From his mother's private journal: "I'd rather have found out from a doctor that I had terminal cancer than I have a gay son."
WinkyDink
(51,311 posts)Black Like Me is a nonfiction book by journalist John Howard Griffin first published in 1961. Griffin was a white native of Dallas, Texas and the book describes his six-week experience travelling on Greyhound buses (occasionally hitchhiking) throughout the racially segregated states of Louisiana, Mississippi, Alabama and Georgia passing as a black man. Sepia Magazine financed the project in exchange for the right to print the account first as a series of articles.
Griffin kept a journal of his experiences; the 188-page diary was the genesis of the book.
In 1959, at the time of the book's writing, race relations were particularly strained in America; Griffin's aim was to explain the difficulties facing black people in certain areas. Under the care of a doctor, Griffin artificially darkened his skin to pass as a black man.
In 1964, a film version of Black Like Me starring James Whitmore was produced.[1]
Robert Bonazzi subsequently published the book Man in the Mirror: John Howard Griffin and the Story of Black Like Me.
The title of the book is taken from the last line of the Langston Hughes poem "Dream Variations":
Rest at pale evening... A tall slim tree... Night coming tenderly Black like me.
mike_c
(36,281 posts)Thinking about BLM gave me some pause when I wrote my original response, but in the end I rejected that analogy. Both Griffin and the subject of the OP represented themselves as someone they weren't in order to experience life in someone else's shoes, and I agree they were similar in that respect. However, in the end, neither of them was powerless to change their circumstances, and that made both their experiences somewhat removed from the truth experienced by people of color and gay men. Somehow though, and I admit to being less than articulate describing what seems like something of a hunch, it seems to me that one's sexuality so fundamentally establishes one's identity that sexual discrimination is especially cruel. And the knowledge that you can revert to your true self, and lift the illusion of difference, must keep social privilege alive in the back of the mind, a refuge that is ultimately always available when you tire of the charade.

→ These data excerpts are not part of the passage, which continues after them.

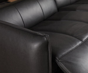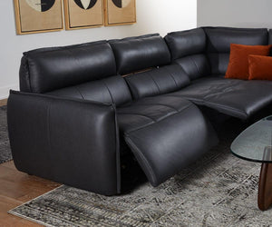 The contemporary Carson Power Motion sectional features a sleek design. Eye-catching channeling on the seat and back of this piece creates a modern look, while a softly curved arm with raised piping details mirrors the style of the comfortable headrests. This sectional has room for everyone: two side-by-side power seats with power headrests blend with a full corner and bumper end, creating a modern to-the-floor design with plenty of space for the whole family.Available for special order.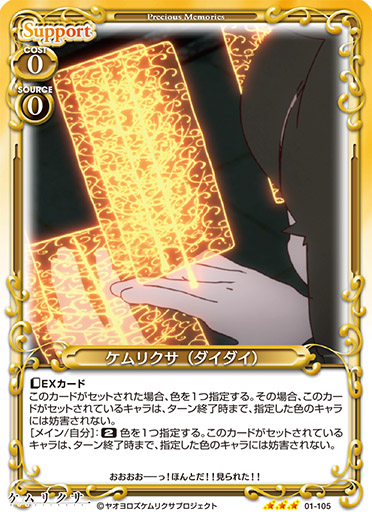 | 〔ブレイク〕[メイン/両方]:EXデッキから『ケムリクサ』のカード1枚を抜き出し、手札に移す。 | ||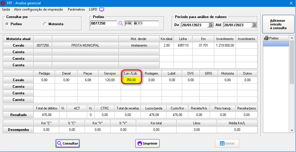 Módulo: Frota (FRT) Caminho de acesso: >Consultas> Análise gerencial |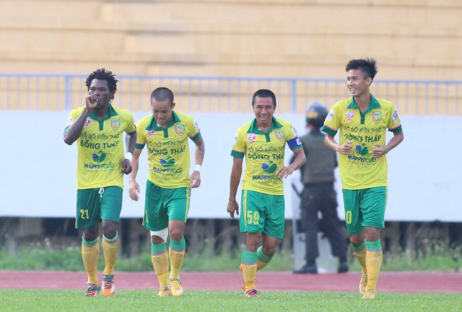 | Niềm vui của các cầu thủ Đồng Tháp sau khi mở tỉ số. Ảnh: N.K |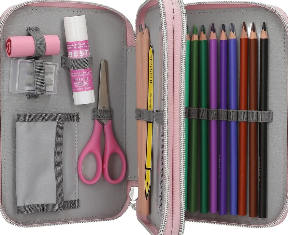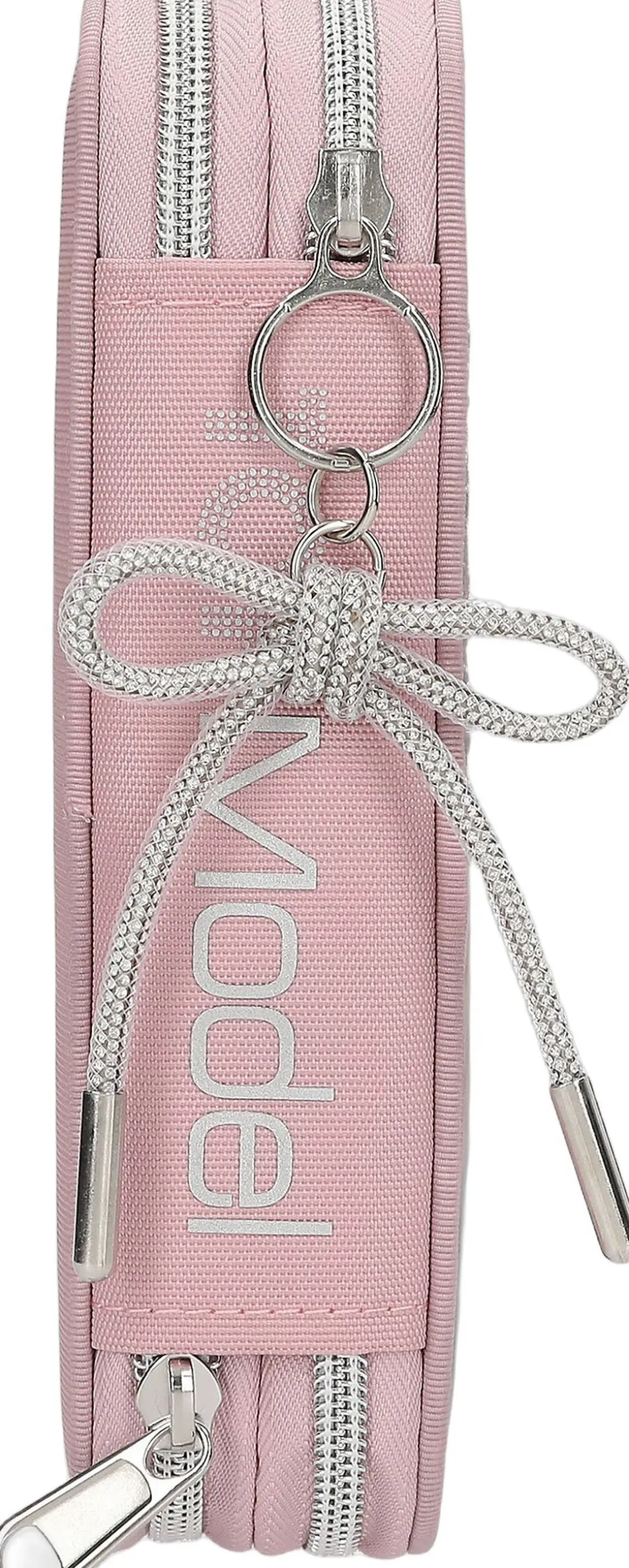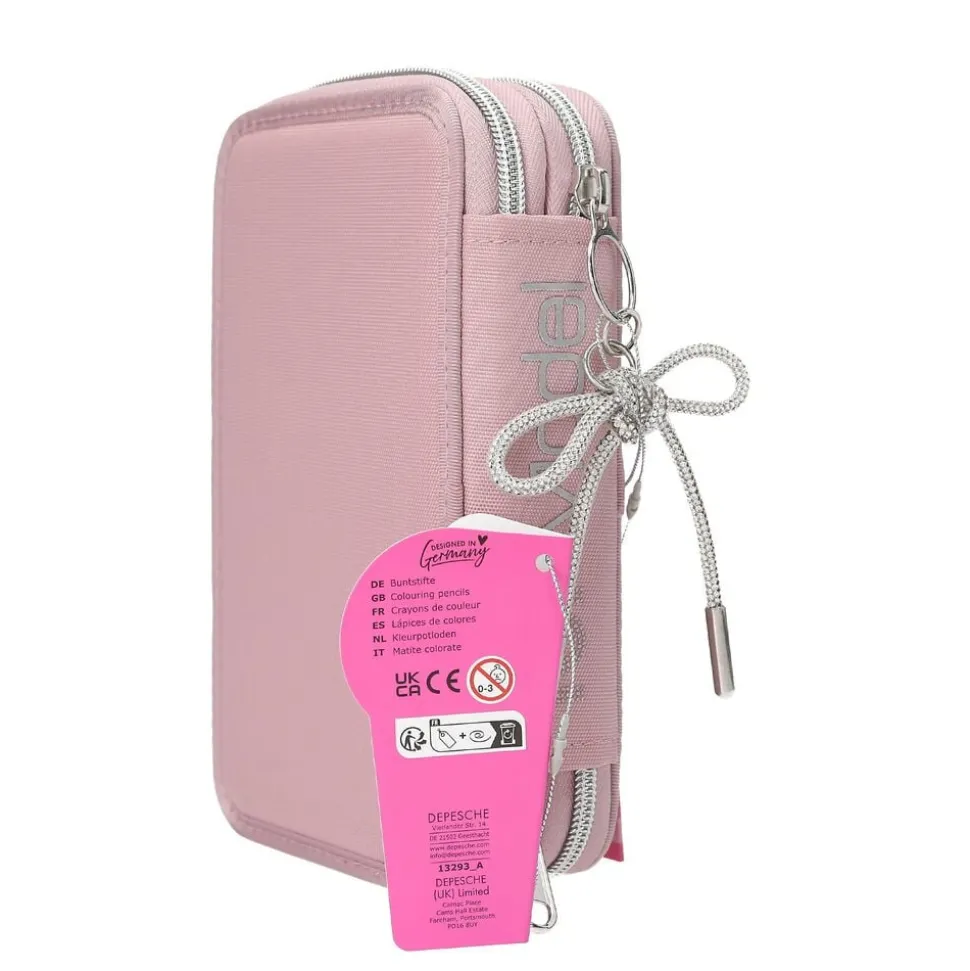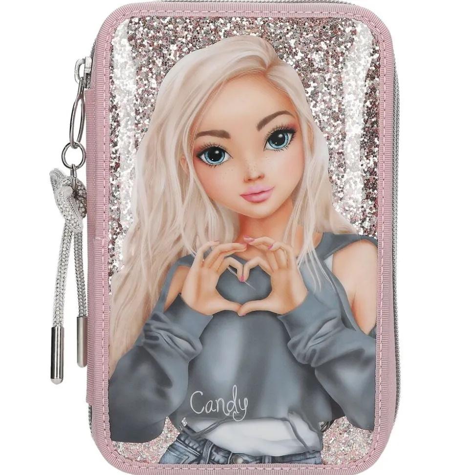 Super sødt penalhus i rosa og grå fra TOPModel serien MY BFF har et flot motiv af TOPModellen Candy på forsiden på en glitrende metallisk baggrund og med en sto r, glitrende sløjfe som sødt lynlåsvedhæng Penalhuset er opdelt i to separate rum og indeholder 2 blyanter, 1 blyantspidser, 1 viskelæder, 1 lineal, 1 saks, 1 l imstift og 18 farveblyanter Mål: 5 x 12,5 x 20 cm

I don't mean to diminish what either of them learned about society. But Griffin darkened his skin-- he experienced racial discrimination because he genuinely became black, at least on the outside (and I'd still argue that his sense of social privilege was intact on the inside, because that is what fueled his personal epiphanies). The subject of the OP never had to deal with the inevitability of his gayness, the naturalness of how he felt about his own sexuality, and bewilderment that others would reject him because of it.
toddwv
(2,830 posts)to not only lift the veil of ignorance from their own eyes but everyone else around them too.
kooljerk666
(776 posts)But this guy and his story brought tears to my eyes.